I was nineteen when I first saw it. After four days of driving westward to my new home in Seattle, I stopped at Indian John Hill rest area on I-90 to infuse my hemorrhaging Corvair with oil. Excitement had been building for several hours as I approached the Cascade Mountains. Born in Ohio, I had only skied on teeny midwestern hills. The idea of skiing on a ‘real’ mountain thrilled me, and I could scarcely imagine what it would be like to live just an hour’s drive from one. As I slammed shut the hood of my leaking car, I noticed a high rocky peak in the distance, overshadowing its neighbors, clearly visible over the intervening hills.
A snowfield floated improbably near the apex of the jagged summit. I was immediately drawn to this peak and asked an elderly gentleman in a Winnebago parked next to me, who seemed also to be looking at the mountain, what its name was. I have no idea why I thought this fellow would know. But he did.
“That’s Mt.
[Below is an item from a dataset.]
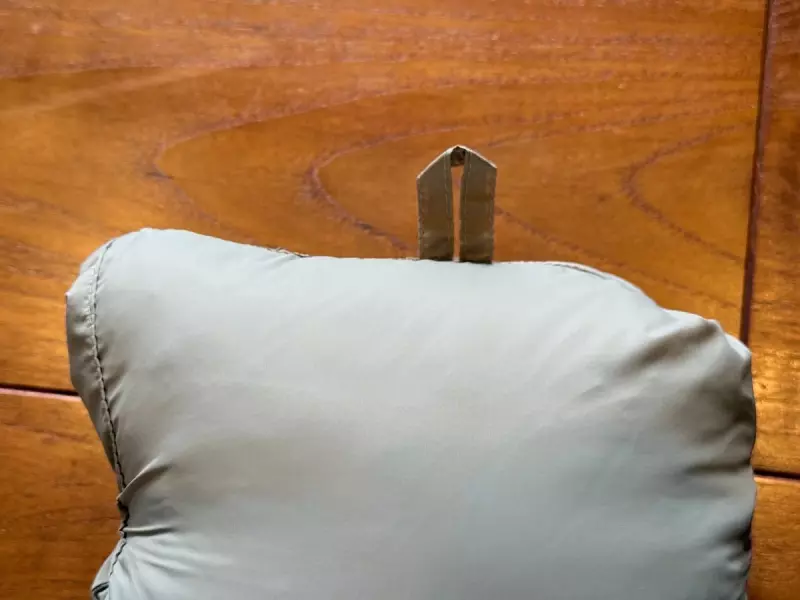 ポケッタブルした後のサイズは約15×15×9cmでふわふわとした状態でコンパクトになるので、ザックの隙間に収納するのに便利だと思います。またループが備わっているのでカラビナでカバンなどに引っ掛けておくこともできます。
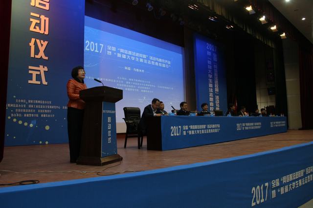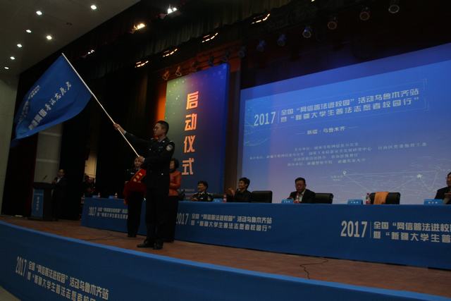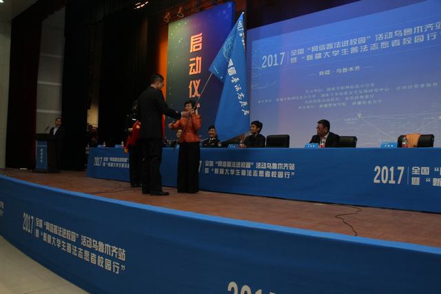 自治区党委网信办(新疆股联网信息办公室)专职副主任卢春萍同志为新疆大学生普法志愿者授旗,并宣布2017全国“网信普法进校园”活动乌鲁木齐站暨“新疆大学生普法志愿者校园行”活动正式启动。

Stuart, son,” he replied and went on to provide detailed statistics about the peak: its elevation granitic nature, rank as the second highest non-volcanic peak in the state, and, finally, its defining position in the Stuart Range.
As we continue past them, I experience the unholy sense of superiority that skiers secretly feel when they pass hikers.
Everything he said heightened the mystery of the distant mountain. After he drove away, I sat on a picnic table and daydreamed of an excursion to the evocative peak. How to approach or ascend it was not part of my thoughts. Certainly, I was not a climber and would not have known what to do with a rope or an ice axe. Nor would I have known what backcountry skiing was since determined outdoor people had not yet rediscovered it. There would have been no way for me to imagine skiing along the highest ridge of this peak, or jumping onto the exposed snowfield that shimmered so marvelously that summer evening in 1971. Yet now, having done these things, I think my amorphous fantasy was to simply ski from the summit of Mt. Stuart.
Mt. Stuart’s reputation places it in a select group of striking peaks, impressive with great relief and complex walls of granite, ice, and snow. You won’t often find skiers on the mountain, but climbers covet dozens of its high-quality routes. Most aspiring Washington climbers eventually attempt this peak by one route or another. The south side has numerous rock and snow routes, which appeal to peak baggers because they’re not too difficult. Likewise, serious alpinists have long considered the mountain’s north side, especially the North Ridge, a rite of passage. Mount Stuart has something for everyone. Mountaineering legend Fred Becky called it the “crown peak of the north central Cascades.” Professor W.D. Lyman described it as a “dizzy horn of rock set in a field of snow.”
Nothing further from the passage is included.